Databases
cancel
Showing results for 
Search instead for 
Did you mean: 

Oracle redo->archive rollover "failure"

Peter Heinemann
Frequent Advisor

Oracle redo->archive rollover "failure"

We're running hpux 11-i; Oracle 8.1.7;
disks are EMC SAN through tachyon FC HBAs.

The problem:
DBA reports that redo -> archive rollovers generate an error, then restart. He has noticed that this error is accompanied by 100% i/o on the file system. Here's an example of the errors reported in his log:
Wed Sep 25 11:09:38 2002
ARC1: Beginning to archive log# 4 seq# 261
ARC1: Failed to archive log# 4 seq# 261
ARC1: Beginning to archive log# 6 seq# 262
Wed Sep 25 11:11:26 2002
ARC0: Completed archiving log# 4 seq# 261
ARC0: Beginning to archive log# 6 seq# 262
ARC0: Failed to archive log# 6 seq# 262
ARC0: Beginning to archive log# 6 seq# 262
ARC0: Failed to archive log# 6 seq# 262
Wed Sep 25 11:13:30 2002
ARC1: Completed archiving log# 6 seq# 262

He researched into Oracle Metalink; an article there said to ignore the error. He also stated that no enhanced logging is available. However, the fact that the error occurs makes him nervous (heck, he is a DBA after all -- he's supposed to be nervous) and it does create an useless and space-wasting archive log file each time it occurs.

So, what's an admin to do?
- the 100% io rate: -- aside from queue depth, what else is there to look at? At this point we have a correlation, but not necessarily a cause-and-effect. There are no EMS or syslog entries related to the io rate or the failures.
- would there by any kernel params. related to disk io, especially SAN/fibre connected ones to adjust performance accordingly?
- I did read the thread about modifying the mount_vxfs options for delaylog/nodetainlog and will try them; does anyone think these are related?

Thanks in advance...

...Peter
4 REPLIES
Volker Borowski
Honored Contributor

Re: Oracle redo->archive rollover "failure"

Hi Peter,

would be good to know how big your redologs are, but I guess even if they are 100M they should be archiveable in two minutes.

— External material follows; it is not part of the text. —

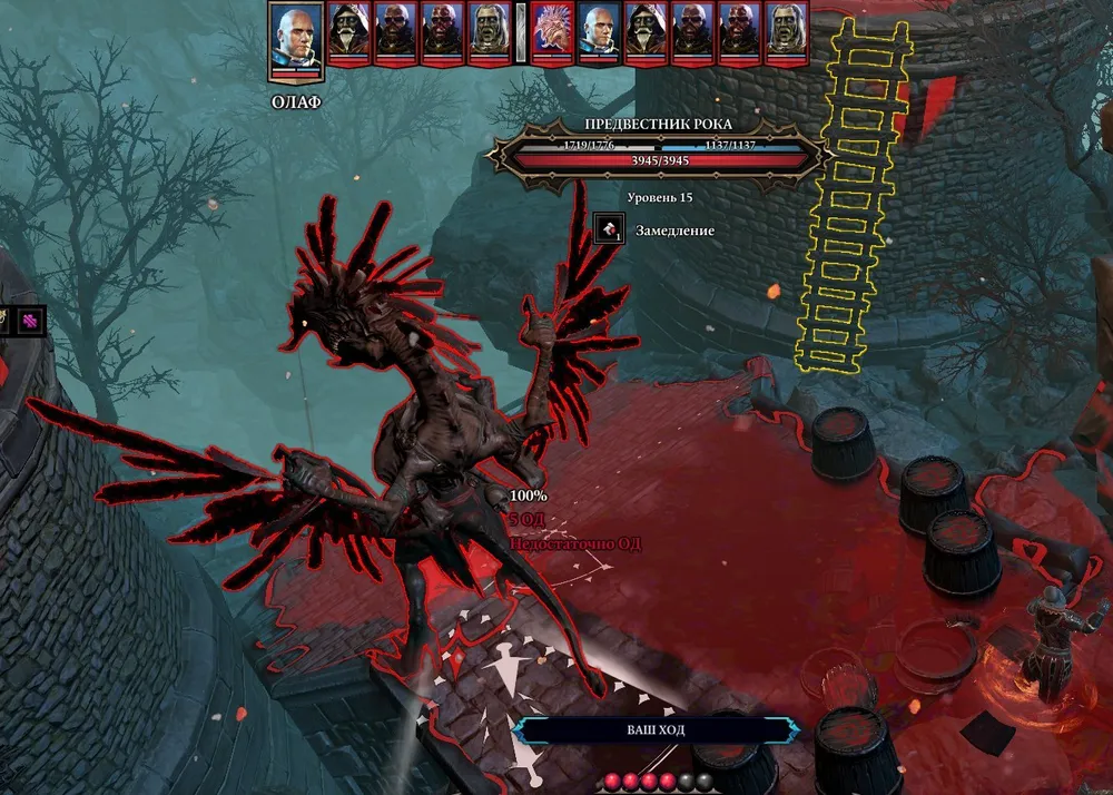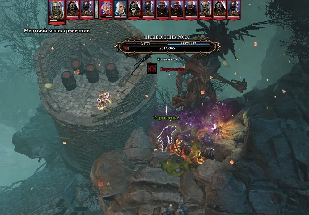 Герой проскользнул на башню, и залетали через гиперпространство бочки с нефтью. Главное – не попасть раньше времени бочкой в голову перемещающемуся врагу. Взрыв – зомби лишились магической защиты, но не сгорели, а Предвестник Рока опять прикончил героя в первом же раунде. Если нельзя ходить раньше, чем враг, значит, нужно его затормозить в начале боя.

If they are small, enlarge them (i.e. SAP defaults to 20MB).

If you get switches within 2 minutes range, you should enlarge the online-logs. If you brought the log-switches to 15 minutes and more, and still do not get the archive done, add additional log-groups.

What about your log group #5 ?
Is this a real gap, or is group #5 damaged/outordered ?

Put parameter "log_checkpoints_to_alert=true" or likewise in you init.ora file. If you get additional "checkpoint not complete" messages inbetween, it is an additional sign to enlarge the online-logs.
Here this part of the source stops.